◆ **What you should do**:
Your task is to reproduce, verbatim and without pictures, the lines from the opening of the listing through the line containing "أسعار 2018 لجميع".

== Provided data ==

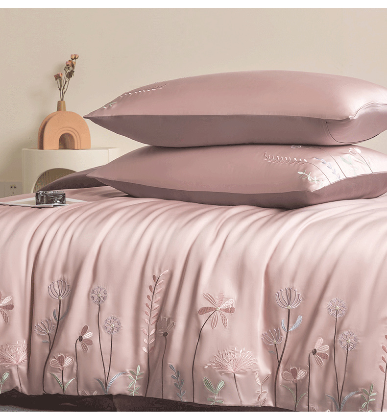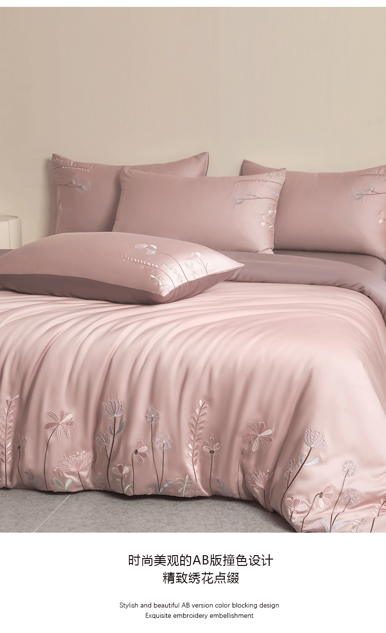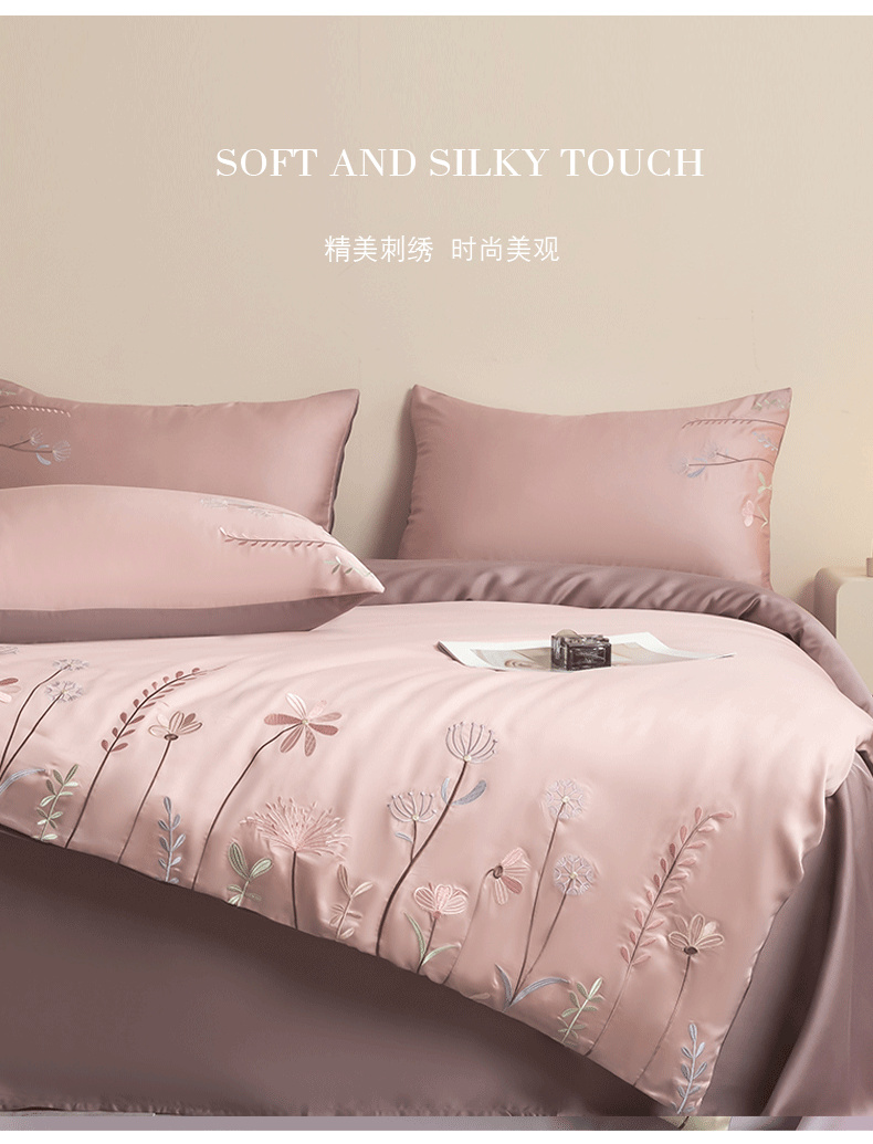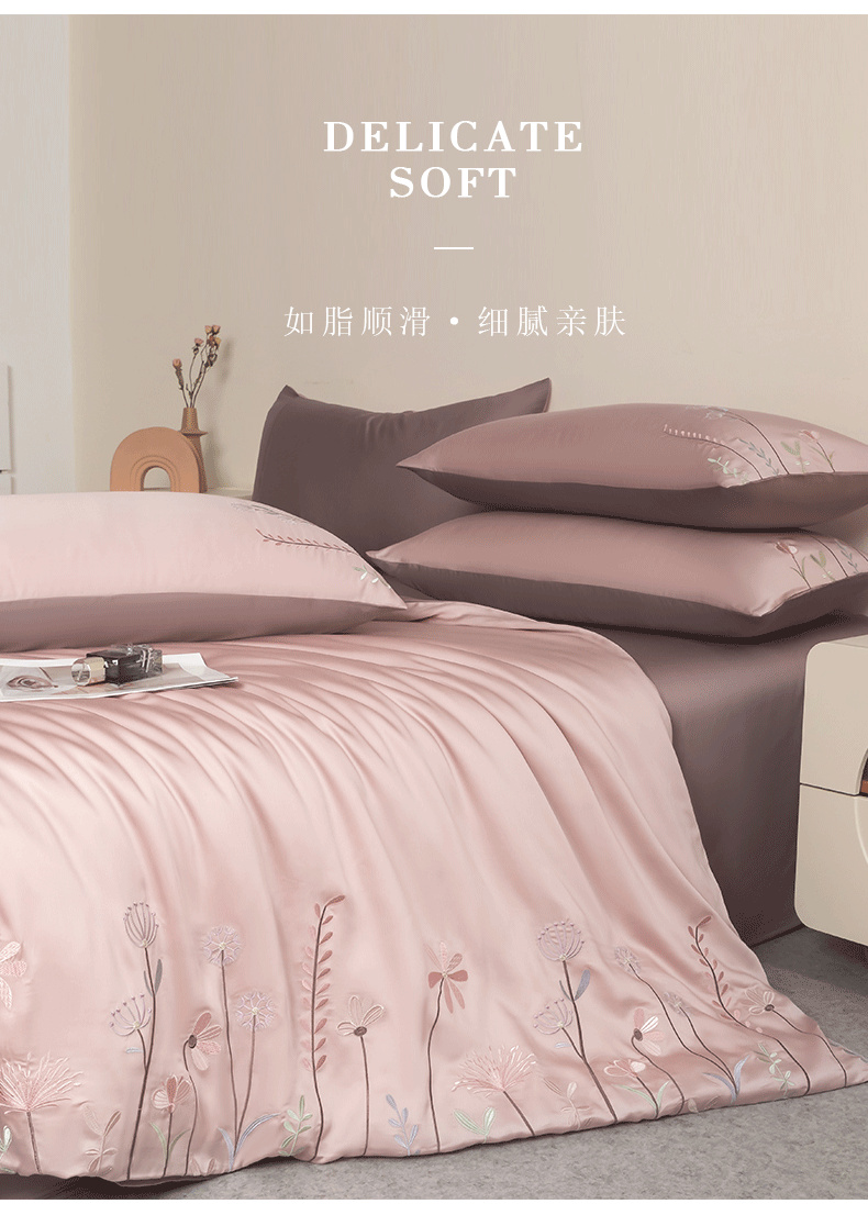 618家纺 2025新款60S100支进口兰精天丝四件套-初夏 天丝初夏粉豆沙
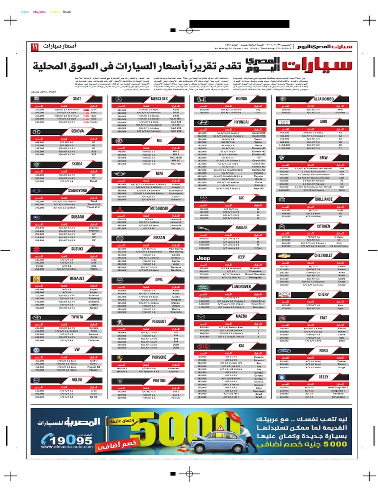 أسعار 2018 لجميع موديلات السيارات في مصر الأهرام اوتو
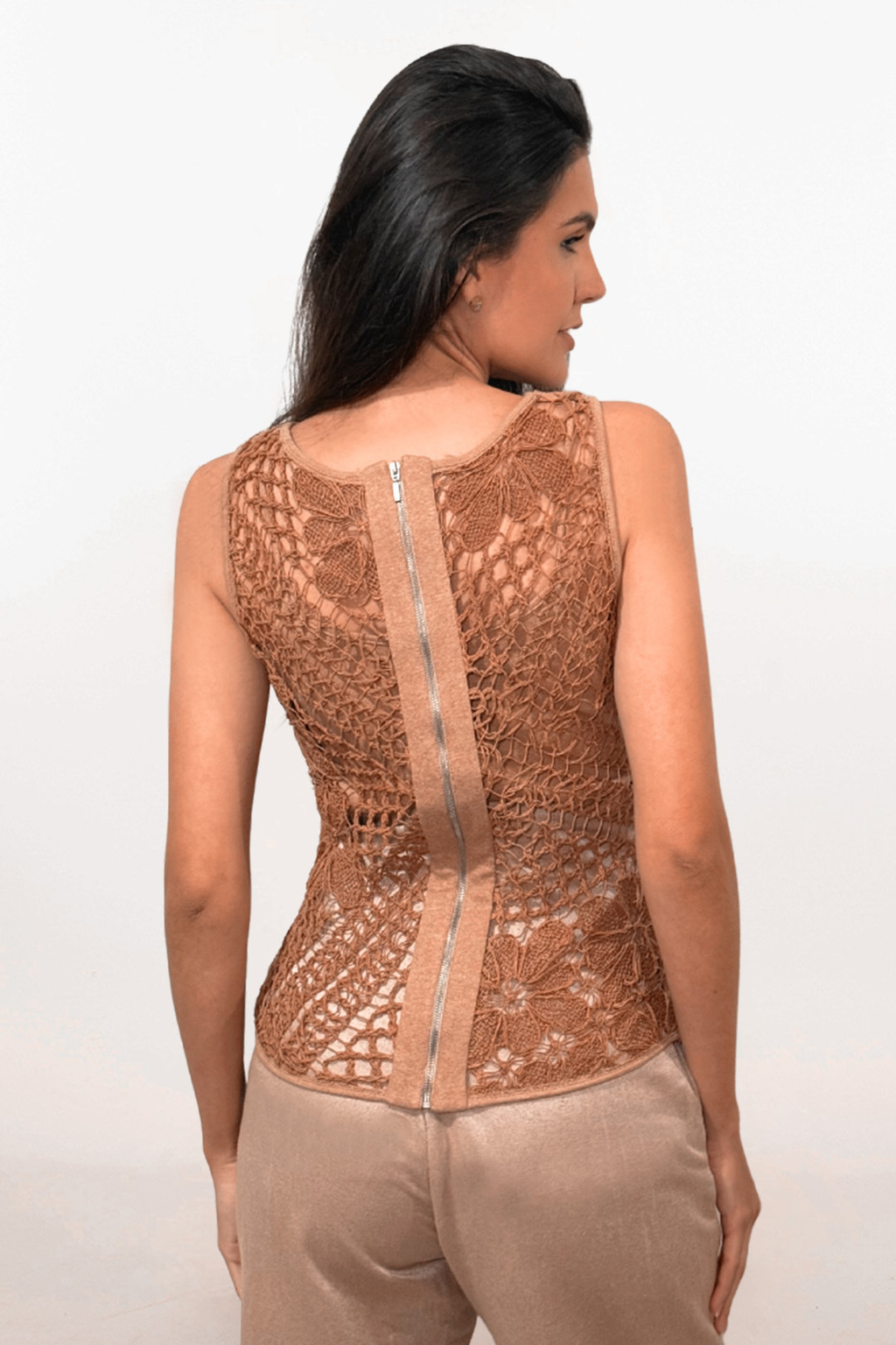 Uma peça versátil e sofisticada, que pode ser usada de duas formas: como uma elegante blusa tipo regata com zíper nas costas ou como um colete delicado, aberto na frente. A renda filé, trabalhada artesanalmente pelas talentosas artesãs de Orós, no Ceará, confere um toque exclusivo à peça. Para um acabamento ainda mais especial, a blusa é tingida com corantes naturais à base de casca de caju, ressaltando a beleza da tradição têxtil brasileira.

===

◆ **Response to this exercise**:
 618家纺 2025新款60S100支进口兰精天丝四件套-初夏 天丝初夏粉豆沙
 أسعار 2018 لجميع موديلات السيارات في مصر الأهرام اوتو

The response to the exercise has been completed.